Only his second novel, but what a difference in quality compared to In the Drift. Like Sterling’s Schismatrix this feels like a progenitor of all those transhuman/posthuman elements that became so prevalent later on in SF. It’s a tour of a future solar system that has the same idea density and complexity like e.g. the more recent Accelerando by Charles Stross. The core premise of the novel is the complete reprogrammability of the human mind, a powerful concept that isn’t easily handled and thus often avoided, even in more recent fiction. Swanwick explores this from various directions, a borglike entity that controls Earth, a Mars-commune that programs its citizen do be brave and happy worker drones and more.

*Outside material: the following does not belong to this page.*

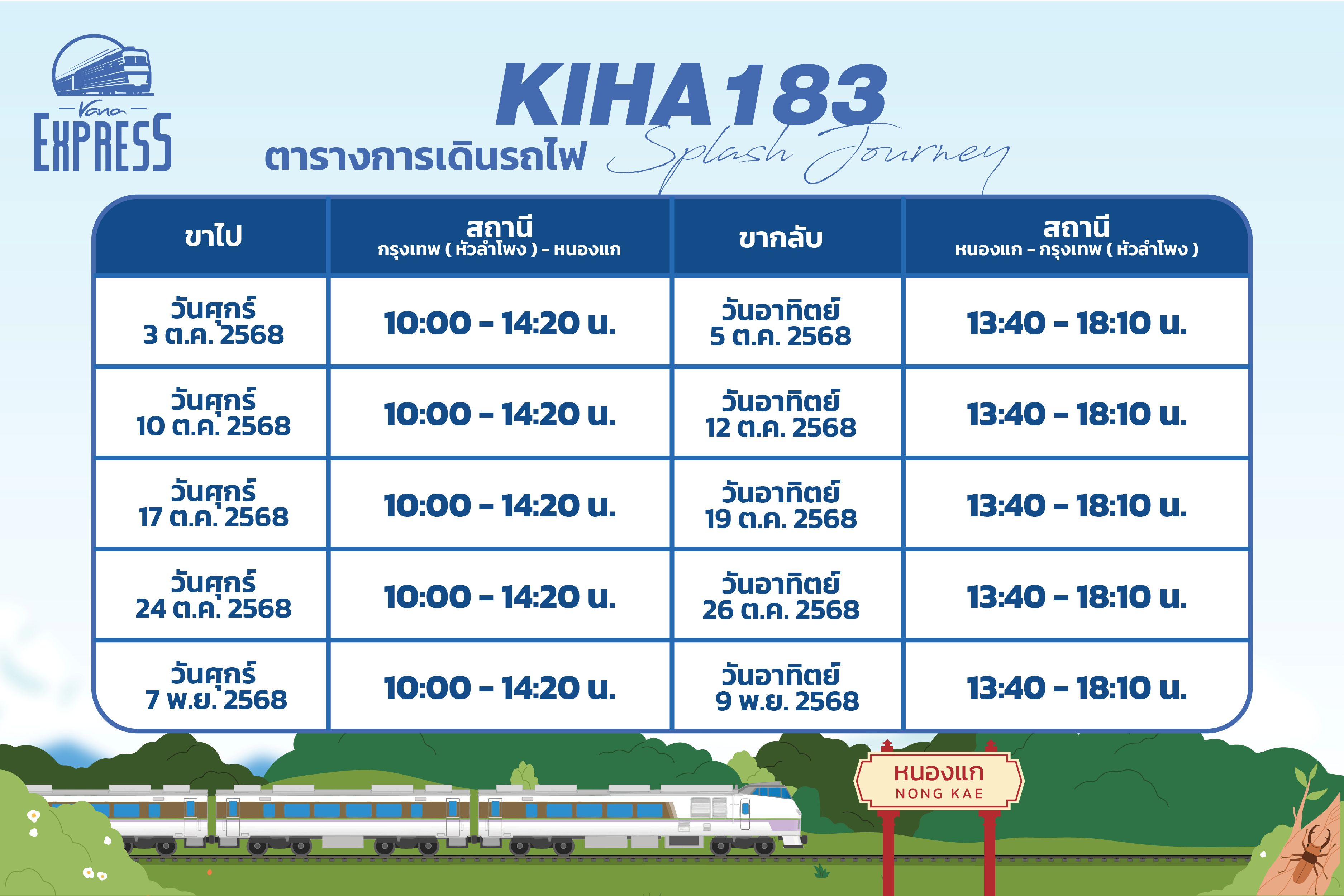 การเดินทางเริ่มต้นขึ้นบนขบวนรถไฟ KIHA 183 ที่เต็มไปด้วยกิจกรรมสร้างรอยยิ้ม ผู้โดยสารทุกท่านจะได้รับ ชุดอาหารเบนโตะสไตล์ญี่ปุ่นที่จัดเตรียมขึ้นอย่างพิถีพิถัน พร้อมเพลิดเพลินกับ การแสดงดนตรีสด และโชว์มายากลกับลูกโป่งดัด (โบโซ่) ที่จะทำให้เด็ก ๆ และผู้โดยสารได้ตื่นตาตื่นใจตลอดเส้นทาง ซึ่งจะกลายเป็นประสบการณ์การเดินทางที่น่าจดจำของครอบครัว และแก๊งเพื่อน เมื่อถึงหัวหิน (สถานีหนองแก) ผู้โดยสารทุกท่านจะมีบริการรถรับส่งตรงถึงโรงแรมและสวนน้ำได้อย่างสะดวกสบายและปลอดภัย (ฟรี)
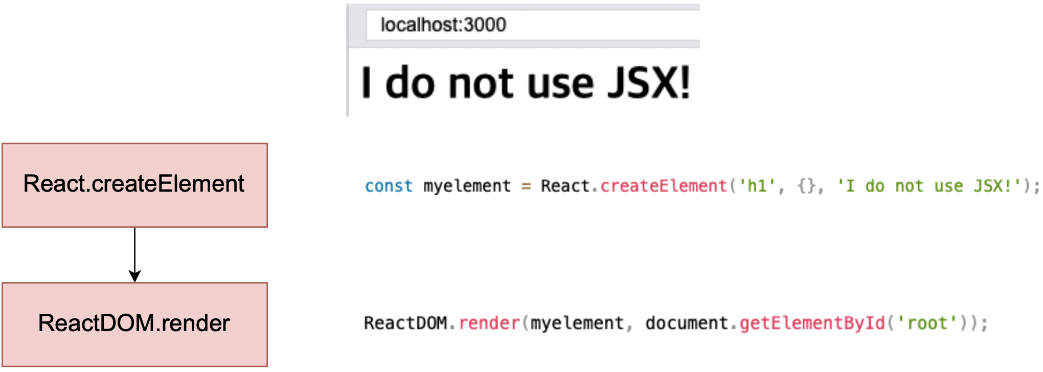 React에서 화면을 그리는 방식은 React.createElement API를 사용해 엘리먼트를 생성한 후, 해당 엘리먼트를 In-Memory에 저장합니다. 그리고 ReactDOM.render 함수를 사용해 실제 웹 브라우저에 그려줍니다.

The human mind has become just as mutable as fashion. Swanwick’s novel shows a future out of control, having lost its last fixed or at least slow moving attractor. If free will and identity are easily editable they become worthless, and while the Comprise, the borglike entity on Earth, seems like the most unpleasant outcome of this future, it makes sense in a world where identity and self has become an endlessly interchangeable commodity. The plot hook of the book is about another alternative, an updated version of the human mind, personalities that revert despite every reprogramming to their normal state. In consequence making the human mind immutable again.
This is my kind of book, taking an idea and running as far as possible with it. Admittedly this happens (a bit) at the expense of characterization and atmosphere, but nothing can beat the raw power of the ideas exhibited here.